A tragédia em Mariana (MG) mostra a irresponsabilidade com que o poder público e as grandes empresas tratam a vida humana e o nosso meio ambiente. O rompimento da barragem (Fundão) da mineradora Samarco que ocorreu no início de novembro trouxe à tona mais uma vez o perigo destas barragens para as populações do entorno e também para a natureza. E o que foi feito? Nada. A inércia do governo federal, dos órgãos responsáveis e até mesmo da opinião pública revolta.
Essa foi nas palavras do biólogo Mário Moscatelli “uma tragédia anunciada”. Segundo o especialista, esse é o preço que se paga quando existem apenas dois ou três para fiscalizar centenas de barragens desse tipo. Moscatelli arrisca dar mais uma má notícia: “essa será uma de tantas outras [tragédias] que virão”. Pessimista o biólogo? Não, apenas realista. Infelizmente, essa tragédia é apenas uma amostra do descaso que o território brasileiro vem sofrendo. Não podemos esquecer que tragédia semelhante, mas em menor grau de devastação, ocorreu em 2003, quando uma barragem de rejeitos industriais se rompeu em Cataguases (MG), espalhando resíduos por 200 quilômetros do Rio Paraíba do Sul, e pouco ou quase nada se fez naquela época.
As barragens de rejeitos são estruturas de terra construídas para armazenar os resíduos de mineração, elas contêm uma mistura de lama, areia e água, lixo que sobra da produção do minério. Atualmente, existem mais de 450 estruturas do tipo no território mineiro, isso de acordo com dados da Fundação Estadual do Meio Ambiente (Feam).
Nos últimos dias, a Organização das Nações Unidas (ONU) fez duras críticas à resposta do governo, da Vale e da mineradora anglo-australiana BHP ao problema. Representantes da ONU criticaram a demora de três semanas para a divulgação de informações sobre os riscos reais gerados pela lama que desembocou no Rio Doce, já que segundo a organização intergovernamental este não é o momento para posturas defensivas.
É revoltante a falta de preparo do país para lhe dar com esse tipo de situação; faltou recurso humano, infraestrutura e real força de vontade dos órgãos públicos para agir de forma adequada e evitar que a tragédia humana também se transformasse na maior tragédia ambiental do Brasil. Quando as autoridades entenderão que o exercício da proteção ambiental não se dá apenas no licenciamento ambiental?
É evidente que muitas ações poderiam ter sido tomadas para evitar tamanho desastre, já que estudos anteriores mostravam o risco dessas instalações, mas é também irresponsável não ter um plano de contingência, pois é preciso ter estratégias emergenciais para qualquer tipo de acidente, ainda mais problemas desta magnitude.
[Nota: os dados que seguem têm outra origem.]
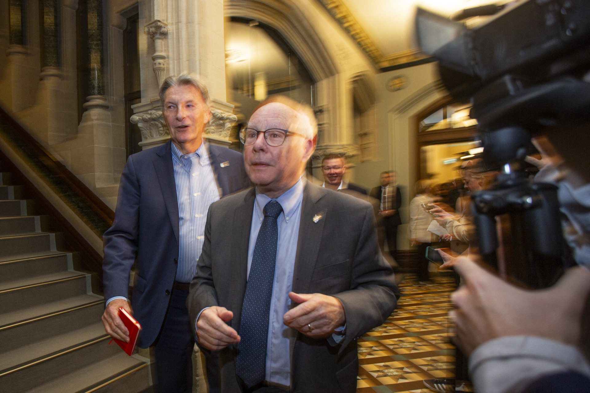 Liberal MPs Ken Hardie, right, and John McKay arrive for the caucus meeting. McKay previously told The Hill Times that, had the Liberals adopted a Reform Act measure granting caucus the power to vote on their leader, “it would have given everybody at least a format for the issue that seems to be at hand.”

Faço parte do grupo de pessoas que não entende como a lama que demorou mais de 10 dias para alcançar o mar não foi desviada de maneira efetiva para regiões de menor risco ambiental. Esse é um caso de calamidade pública que necessita de todo apoio possível, inclusive internacional, mas o que se viu foi uma sucessão de erros e de falta de interesse de todos os lados.
Os danos ainda são de uma magnitude imensurável, o que sabemos é que a lama matou pessoas e que desceu rio abaixo matando todos os peixes. A lama verdadeiramente matou o Rio Doce, região com uma biodiversidade bem diversificada. O tempo de recuperação ainda é inestimável, sabe-se apenas que se nada for feito o prejuízo ambiental desse ‘tsunami marrom’ pode demorar mais de 100 anos para ser revertido.
Além disso, a lama poderá gerar uma tragédia mundial sem precedentes, segundo o biólogo André Ruschi a foz do rio Doce concentra 83% das algas calcárias da costa brasileira, e elas são um dos principais ‘fixadores’ de gás carbônico da atmosfera, e a chegada da lama ao mar poderia por fim resultar na elevação da temperatura da Terra.
O descaso com a população e com o meio ambiente se repete diariamente, talvez em menor grau, mas tem pouco a pouco ceifado vidas e a nossa biodiversidade. Até quando permitiremos que matem nossa pátria amada?